La presidencia de Sarmiento fue progresista y tumultuosa, casi sin parangón, pero estuvo asediada por luchas, amarguras e incomprensiones. Por varios motivos había muchos que deseaban tronchar la trayectoria sarmientina.
El caudillismo no comprendía o no quería comprender, el republicanismo del presidente y comenzó a tramarse la más horrible y equívoca solución, el asesinato político para alcanzar la democracia y tranquilidad de los pueblos.
Los instigadores eran argentinos quienes no teniendo valor para mancharse las manos con la sangre presidencial, recurrieron a mercenarios extranjeros. Tres marineros italianos, los Guerri, fueron contratados en Montevideo mediante el ofrecimiento de una paga de $10.000, nada menos para asesinar al Presidente de los argentinos. El atentado tuvo lugar el sábado 23 agosto de 1873. Estaban interiorizados que el primer magistrado, concurría casi todas las noches a visitar a su ministro del Interior, Dr. Dalmacio Vélez Sarsfield para comentar los resultados de la jornada y disfrutar de alguna tranquilidad.
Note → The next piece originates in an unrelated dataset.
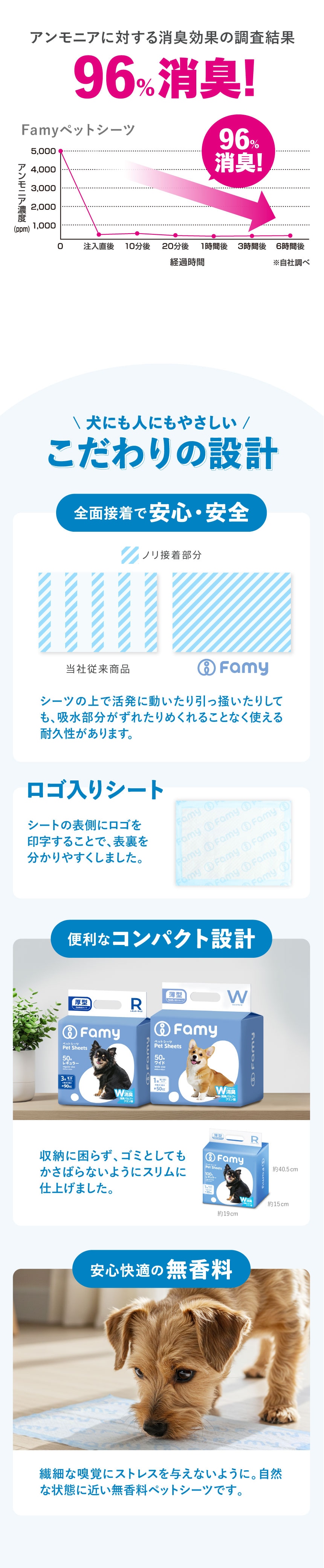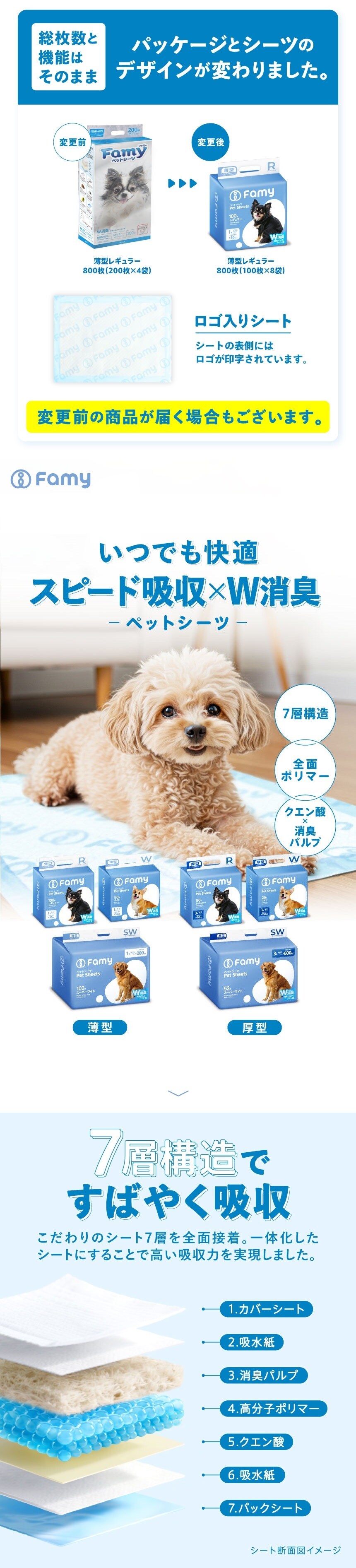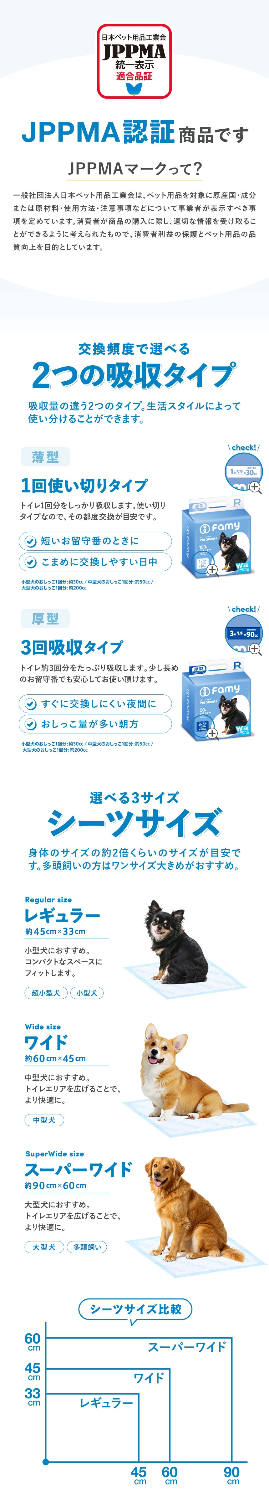 【204枚】Famy ファミー ペットシーツ薄型 スーパーワイド/ダブル消臭 1回使い切りタイプ | W消臭機能がついてリニューアル!こだわりの7層構造。JPPMA認証の安心安全なペットシーツ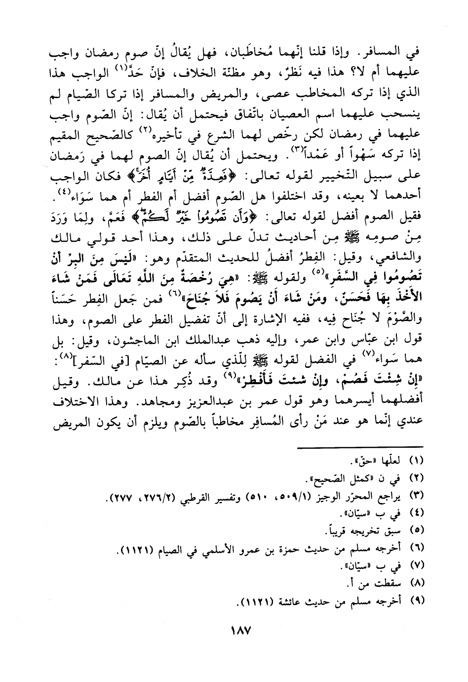 في المسافر. وإذا قلنا أنهما مخاطبان، فهل يقال إن صوم رمضان واجب عليهم أم لا؟ هذا فيه نظر، وهو مظنة الخلاف، فإن حد الواجب هذا الذي إذا تركه المخاطب عصى، والمريض والمسافر إذا تركا الصيام لم ينسحب عليهما اسم العصيان باتفاق فيحتمل أن يقال: إن الصوم واجب عليهما في رمضان لكن رخص لهما الشرع في تأخيره كالصحيح المقيم إذا تركه سهوًا أو عمدًا. ويحتمل أن يقال إن الصوم لهما في رمضان على سبيل التخيير لقوله تعالى: {فعدة من أيام أخر} فكان الواجب أحدهما لا بعينه، وقد اختلفوا هل الصوم أفضل أم الفطر أم هما سواء.

Los delincuentes esperaron agazapados, en la esquina de las calles Maipú y Corrientes. A las 21 llegó el carruaje presidencial contra el cual dispararon sus armas, pero muchos de los disparos resultaron fallidos, pues las armas reventaron en las manos asesinas por exceso de pólvora. El cochero apresuró la marcha del vehículo alejándose rápidamente del lugar. Sarmiento que estaba bastante sordo y tal vez, venía pensando en cuestiones políticas no advirtió el atentado del que había sido objeto. La servidumbre de la casa de Vélez Sarsfield le dio la primera noticia.
Los delincuentes fueron apresados y condenados comprobándose que los perdigones y los puñales que usaron estaban envenenados. Si los disparos lo hubieran alcanzado aún hiriéndolo con el más leve rasguño, habría quedado muerto en el acto.
Luego de los comentarios pertinentes, Sarmiento regresó a su residencia y bien temprano el día 22, a pesar del feriado partió como de costumbre a la casa de gobierno, en cuyos portales casi 200 personas hacían guardia para abrazarlo.
Estaba severamente serio y teniendo que improvisar brevísimas palabras cuyo contenido se ha recogido después como el corto discurso en defensa de la autoridad dijo: "Agradezco vuestra presencia y aprecio su más alta estimación. Digo que no he sufrido daño corporal, pero mi espíritu sí. Se ha herido la más alta investidura que puede ostentar un ciudadano de la República… se ha quebrajado el respeto a la autoridad…’.
De esta amarga circunstancia Sarmiento sacó una jocosa moraleja: cuando lo atacaban sin piedad los periodistas solía decir: "Esos ataques no me llegan por que están tan cargados como las armas de los Guerri y seguramente las plumas han reventado en manos de ellos’.